PROMPT:
Your job is to print, exactly, the lines in the data below from the line with "الوجه الثاني: أن" through the line with "The wooden case", both included, and to omit any picture.

SUPPLIED DATA:
>>>
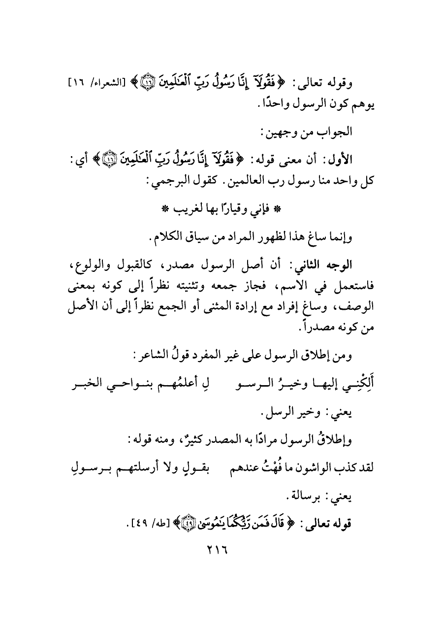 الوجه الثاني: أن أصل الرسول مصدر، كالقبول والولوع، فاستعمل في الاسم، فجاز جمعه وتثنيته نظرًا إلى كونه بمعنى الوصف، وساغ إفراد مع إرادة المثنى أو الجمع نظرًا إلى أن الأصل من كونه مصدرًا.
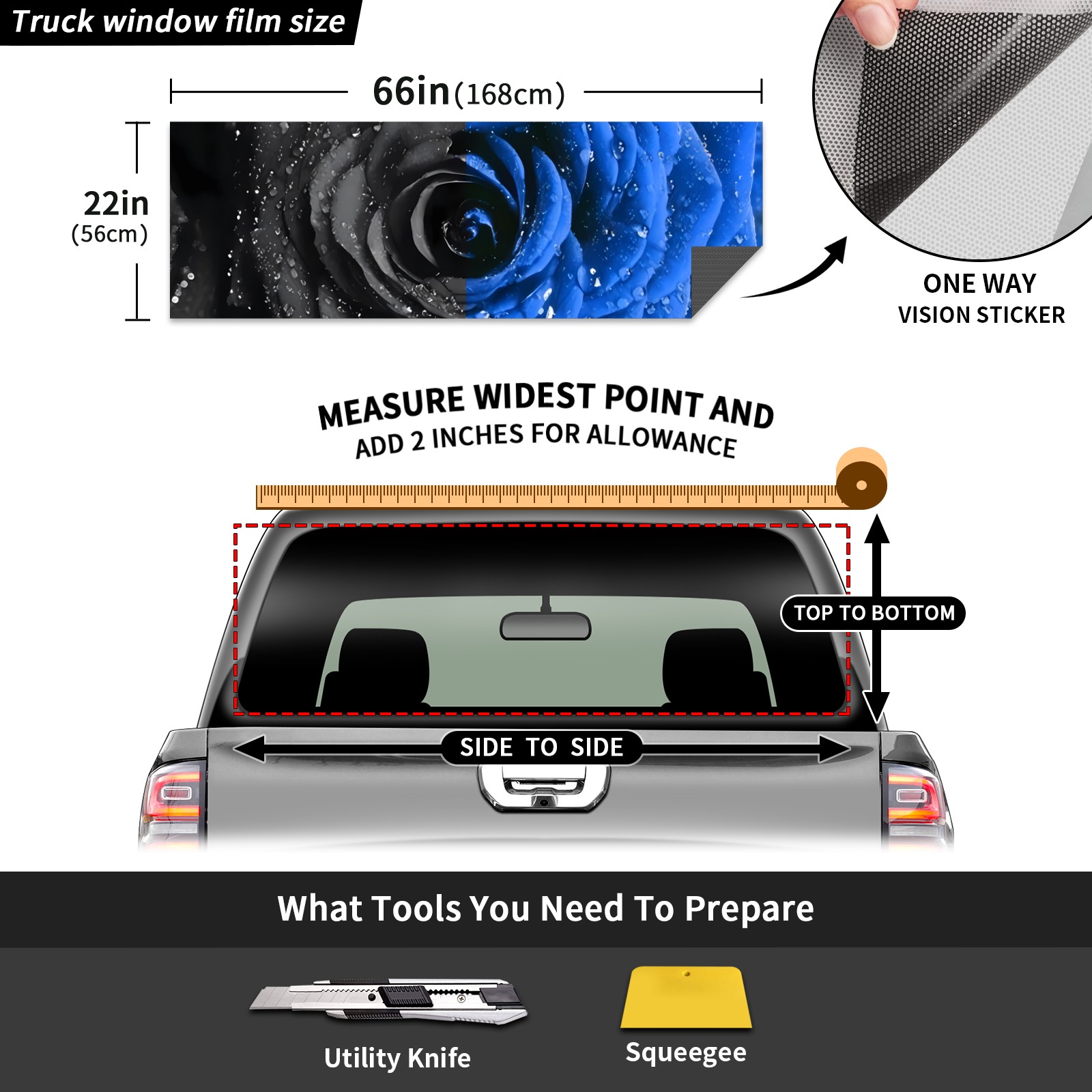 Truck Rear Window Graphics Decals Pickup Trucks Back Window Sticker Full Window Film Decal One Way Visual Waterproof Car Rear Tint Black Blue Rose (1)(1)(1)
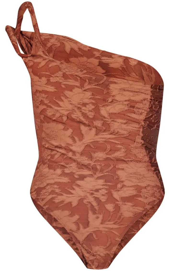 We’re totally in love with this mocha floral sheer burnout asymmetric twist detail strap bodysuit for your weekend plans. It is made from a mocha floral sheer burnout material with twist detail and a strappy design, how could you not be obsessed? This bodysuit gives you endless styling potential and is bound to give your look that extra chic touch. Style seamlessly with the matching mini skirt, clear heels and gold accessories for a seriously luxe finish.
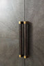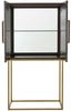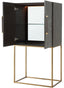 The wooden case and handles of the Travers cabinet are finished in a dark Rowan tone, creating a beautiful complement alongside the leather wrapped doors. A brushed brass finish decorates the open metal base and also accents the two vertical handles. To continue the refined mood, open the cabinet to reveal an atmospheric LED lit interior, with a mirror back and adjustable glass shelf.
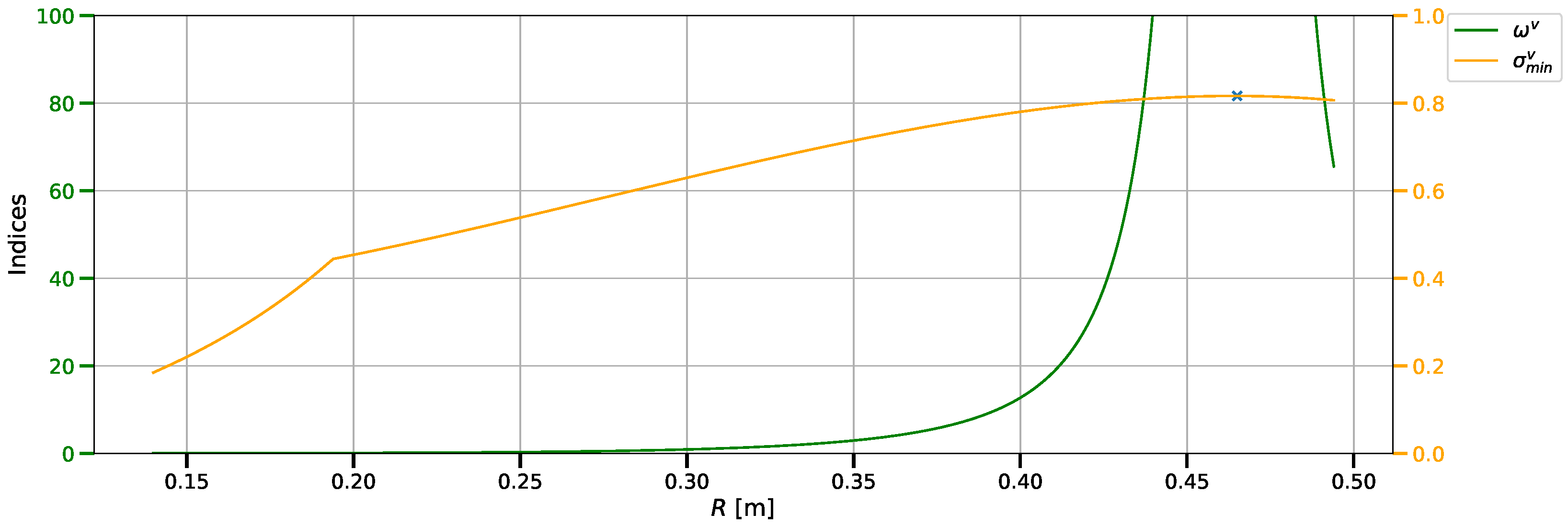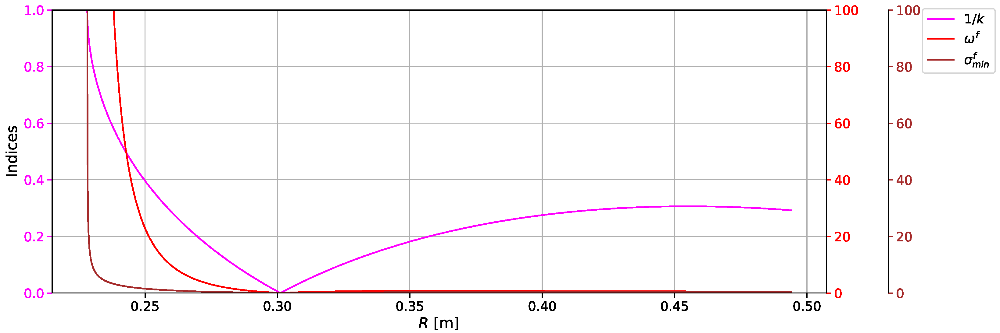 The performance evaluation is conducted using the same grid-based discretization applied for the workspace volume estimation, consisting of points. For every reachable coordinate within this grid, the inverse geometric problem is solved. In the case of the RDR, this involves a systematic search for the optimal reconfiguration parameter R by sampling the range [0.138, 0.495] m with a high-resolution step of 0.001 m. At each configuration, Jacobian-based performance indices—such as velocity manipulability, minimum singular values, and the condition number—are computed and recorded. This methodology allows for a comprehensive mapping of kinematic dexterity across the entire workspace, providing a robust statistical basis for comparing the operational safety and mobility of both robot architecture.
<<<
>>>
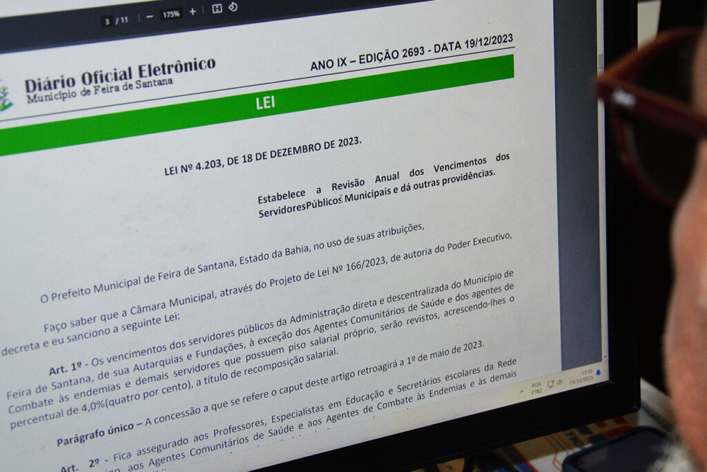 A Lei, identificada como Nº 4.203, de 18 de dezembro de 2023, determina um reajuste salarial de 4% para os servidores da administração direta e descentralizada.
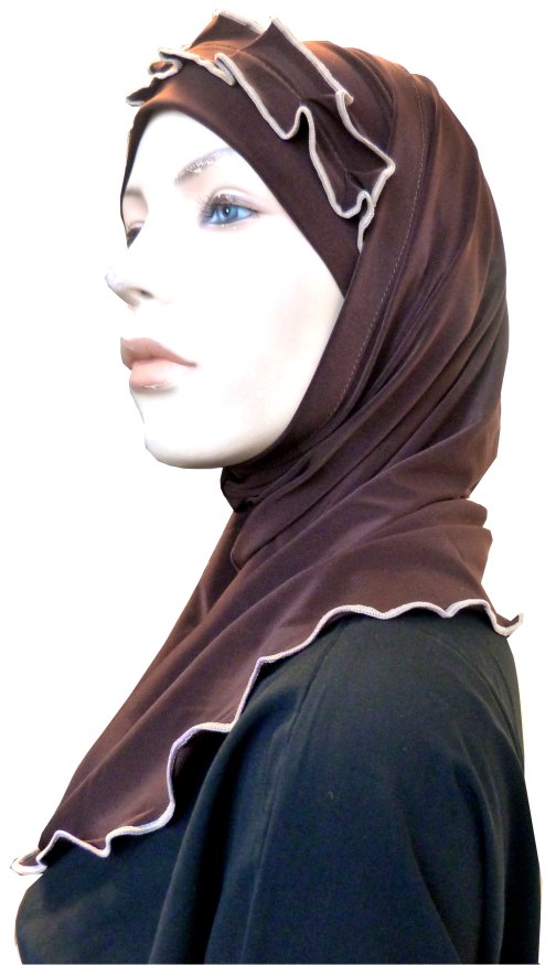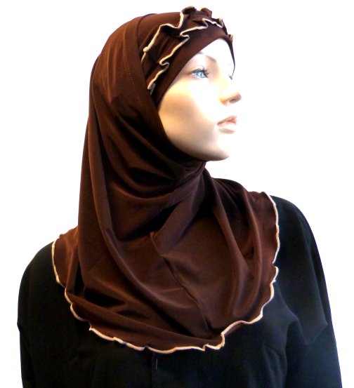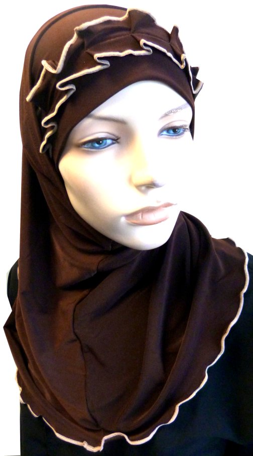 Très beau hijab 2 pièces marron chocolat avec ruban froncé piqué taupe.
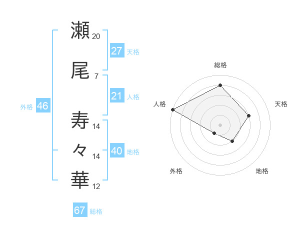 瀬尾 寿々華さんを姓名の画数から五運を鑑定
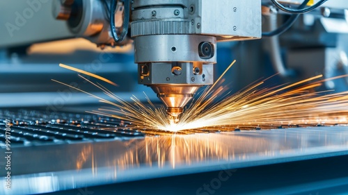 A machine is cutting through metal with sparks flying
<<<
SOLUTION TO THE PROBLEM:
 الوجه الثاني: أن أصل الرسول مصدر، كالقبول والولوع، فاستعمل في الاسم، فجاز جمعه وتثنيته نظرًا إلى كونه بمعنى الوصف، وساغ إفراد مع إرادة المثنى أو الجمع نظرًا إلى أن الأصل من كونه مصدرًا.
 Truck Rear Window Graphics Decals Pickup Trucks Back Window Sticker Full Window Film Decal One Way Visual Waterproof Car Rear Tint Black Blue Rose (1)(1)(1)
 We’re totally in love with this mocha floral sheer burnout asymmetric twist detail strap bodysuit for your weekend plans. It is made from a mocha floral sheer burnout material with twist detail and a strappy design, how could you not be obsessed? This bodysuit gives you endless styling potential and is bound to give your look that extra chic touch. Style seamlessly with the matching mini skirt, clear heels and gold accessories for a seriously luxe finish.
 The wooden case and handles of the Travers cabinet are finished in a dark Rowan tone, creating a beautiful complement alongside the leather wrapped doors. A brushed brass finish decorates the open metal base and also accents the two vertical handles. To continue the refined mood, open the cabinet to reveal an atmospheric LED lit interior, with a mirror back and adjustable glass shelf.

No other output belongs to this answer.